> [RECORDS FOR THIS EXERCISE]:
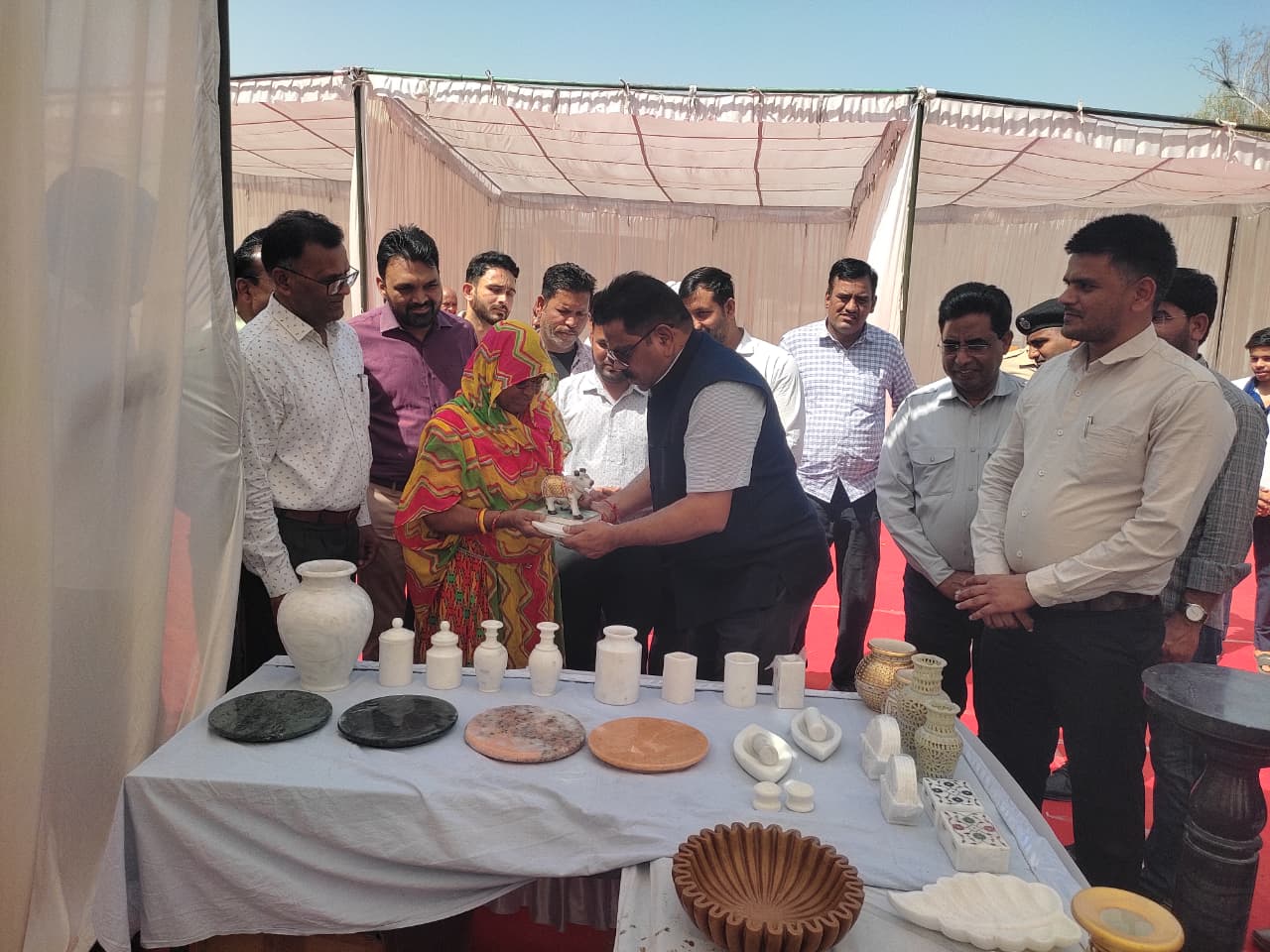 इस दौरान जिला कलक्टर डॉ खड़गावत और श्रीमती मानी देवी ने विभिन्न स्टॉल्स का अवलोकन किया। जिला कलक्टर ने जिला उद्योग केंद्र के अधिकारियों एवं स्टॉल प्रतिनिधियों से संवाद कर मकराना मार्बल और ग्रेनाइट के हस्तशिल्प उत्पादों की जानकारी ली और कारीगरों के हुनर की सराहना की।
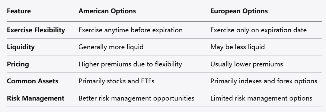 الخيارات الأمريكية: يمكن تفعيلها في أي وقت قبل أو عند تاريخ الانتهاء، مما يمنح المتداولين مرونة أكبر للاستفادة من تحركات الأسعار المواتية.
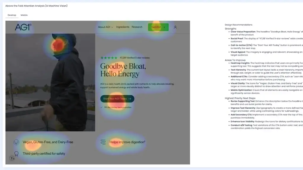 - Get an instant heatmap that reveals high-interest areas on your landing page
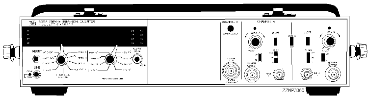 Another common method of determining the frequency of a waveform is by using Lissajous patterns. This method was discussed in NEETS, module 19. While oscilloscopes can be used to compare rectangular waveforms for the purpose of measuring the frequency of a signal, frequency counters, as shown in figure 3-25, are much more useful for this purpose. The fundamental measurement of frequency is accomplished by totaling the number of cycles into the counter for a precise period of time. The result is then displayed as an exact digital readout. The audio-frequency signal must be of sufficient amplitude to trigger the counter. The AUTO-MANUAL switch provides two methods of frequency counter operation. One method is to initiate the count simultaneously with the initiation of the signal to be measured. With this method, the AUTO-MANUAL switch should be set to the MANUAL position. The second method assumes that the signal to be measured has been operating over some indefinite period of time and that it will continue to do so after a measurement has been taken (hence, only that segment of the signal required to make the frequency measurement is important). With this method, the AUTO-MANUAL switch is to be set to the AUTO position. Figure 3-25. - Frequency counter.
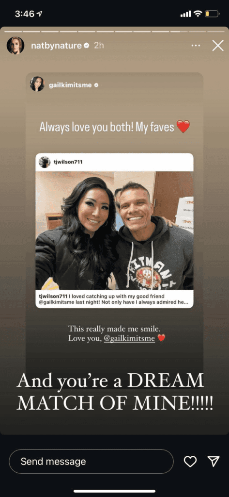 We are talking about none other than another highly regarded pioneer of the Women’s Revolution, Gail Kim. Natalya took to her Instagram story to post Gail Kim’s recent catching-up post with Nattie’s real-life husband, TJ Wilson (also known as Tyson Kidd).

> [EXERCISE GOAL]: A word-for-word copy of the lines from the start of the listing through the line containing "- Get an instant" is the answer. Pictures stay out of it.

> [REPLY TO THE EXERCISE]:
 इस दौरान जिला कलक्टर डॉ खड़गावत और श्रीमती मानी देवी ने विभिन्न स्टॉल्स का अवलोकन किया। जिला कलक्टर ने जिला उद्योग केंद्र के अधिकारियों एवं स्टॉल प्रतिनिधियों से संवाद कर मकराना मार्बल और ग्रेनाइट के हस्तशिल्प उत्पादों की जानकारी ली और कारीगरों के हुनर की सराहना की।
 الخيارات الأمريكية: يمكن تفعيلها في أي وقت قبل أو عند تاريخ الانتهاء، مما يمنح المتداولين مرونة أكبر للاستفادة من تحركات الأسعار المواتية.
 - Get an instant heatmap that reveals high-interest areas on your landing page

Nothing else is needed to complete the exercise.